Things nobody bothers to tell you, version 1:

  1. The web sites for credit card processors & merchant account services are completely useless. Do not try to use them, not even the big fish that everybody respects (e.g. Authorize.net). You will only waste your time. Instead, call their tech support. We’ve found their human support to be unfailingly friendly and helpful, at least when it comes to answering direct questions rather than making suggestions (hence the Stuff Nobody Tells You). The hold music’s so beyond awful it enters into laughable, though.
  2. If you want to process AmEx, you have to call them directly, set up an account with them, and then talk to your merchant account service. Just because your CC processor’s interface shows you that AmEx is active, and your merchant account people tell you that everything is systems go, doesn’t mean there aren’t hidden things you have to do to, you know, actually process cards. Or that the errors will be helpful.
  3. Address verification (AVS) is voodoo. Not real science. AVS is inclined to reject real, valid cards all the time, even when you don’t count “user errors” (e.g. your bill says Apt 4 and you put #4). D’oh.
  4. Test charges are pretty much unavoidable. So, since AVS essentially doesn’t work, the way to verify a card is to make a tiny charge on it and then void the transaction. It’s not a charge you’ll ever collect on, but it’s not exactly a hold either. To us, it’s a bit squicky to think that this is the only way to verify a credit card number in this, the 21st century.
  5. Some banks will reject small test charges. About 10% of cards used to sign up were declined. Thanks to Stuff item #6, we couldn’t tell why from the error reports. Nobody could tell us why, either. We called Auth.net and they had no suggestions. We only found out as fast as we did because one would-be customer, our friend (& tasty designer) Johnny Bilotta, called his own bank to ask if there was a problem. Trying to be considerate internet citizens, we had set our test charge to $.01. His bank told him they reject small test charges under $1.00, but our credit card processor never thought about it. Even though it’s their business. Useless buggers.
  6. Errors are incomprehensible and your credit card processor is useless at helping you solve validation issues. The error you’ll get in most cases is General error. In other cases, you may get Declined, but there’s no way to tell why. Calling your CC processor won’t help you, either, because in many cases, they can’t get more information than you’ve already got. In other cases the phone reps just aren’t trained in spotting what must be common problems (e.g. the low test charge).
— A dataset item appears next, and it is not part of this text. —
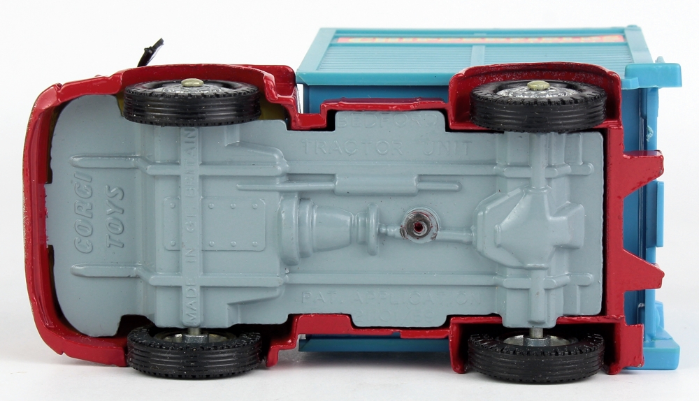 From the popular range of Chipperfield circus models issued between 1964-70. This Bedford TK Truck from 1970 is a rare find with ‘Truck’ Wheels. Correct for this version treaded tyres with Corgi Toys stamped. Vibrant and complete “CHIPPERFIELDS CIRCUS” labels on both sides and, of course – two giraffes (mother and baby, so correct).
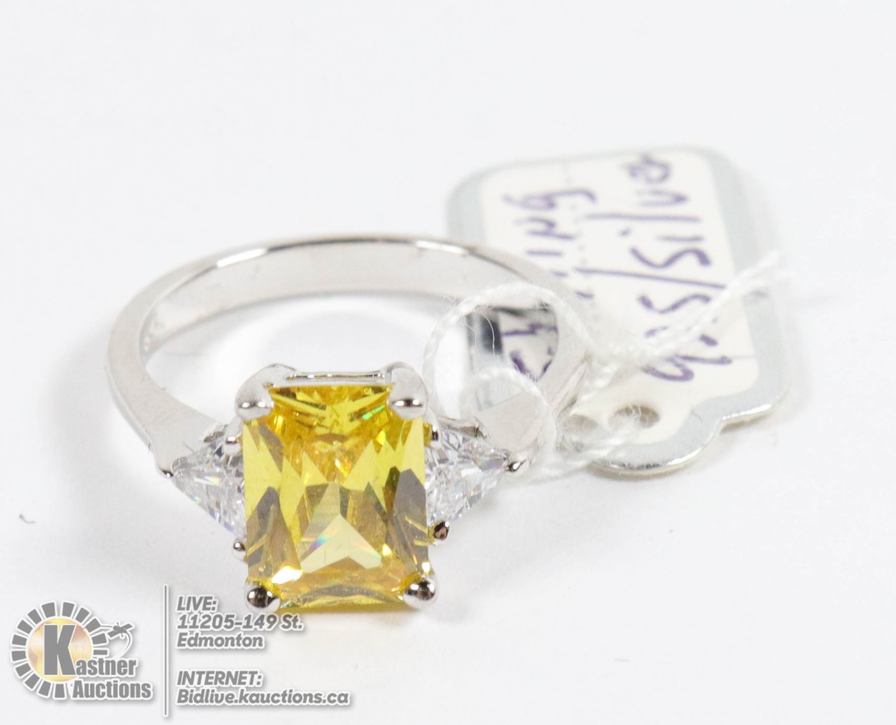 NEW 925 STERLING SILVER LADIES RING SIZE 7,YELLOW ZIRCONIA STONE, AND ZIRCONIA DIAMONDS ON SIDES, IN

  7. When you ask why stuff doesn’t work, even due to Stuff Nobody Told You, they think you’re kinda dumb. Despite the support being, as we said, unfailingly friendly, there are always these awkward pauses when we’ve asked about Stuff Nobody Told Us. For example, when we called and said “So our account says we can accept AmEx but they’re all being rejected. Can you help us?” The nice lady asked, “Well, are you set up for AmEx with your merchant services provide?” and I said “No, what do you mean?” Awkward pause ensues. The lady assumes she is speaking with a polite nitwit and then the rest of the conversation takes twice as long as it would have if she hadn’t thought I had a room temperature IQ. Which is too bad, because there’s no documentation or on-ramping process that tells you this, and nobody thought to mention it, either, when I asked if I made the calls to both Auth.net & the merch acct people to ask “Hey, we’re going to live. Do we have everything in place?” last week.
That’s all for now, but I’m sure there will be more.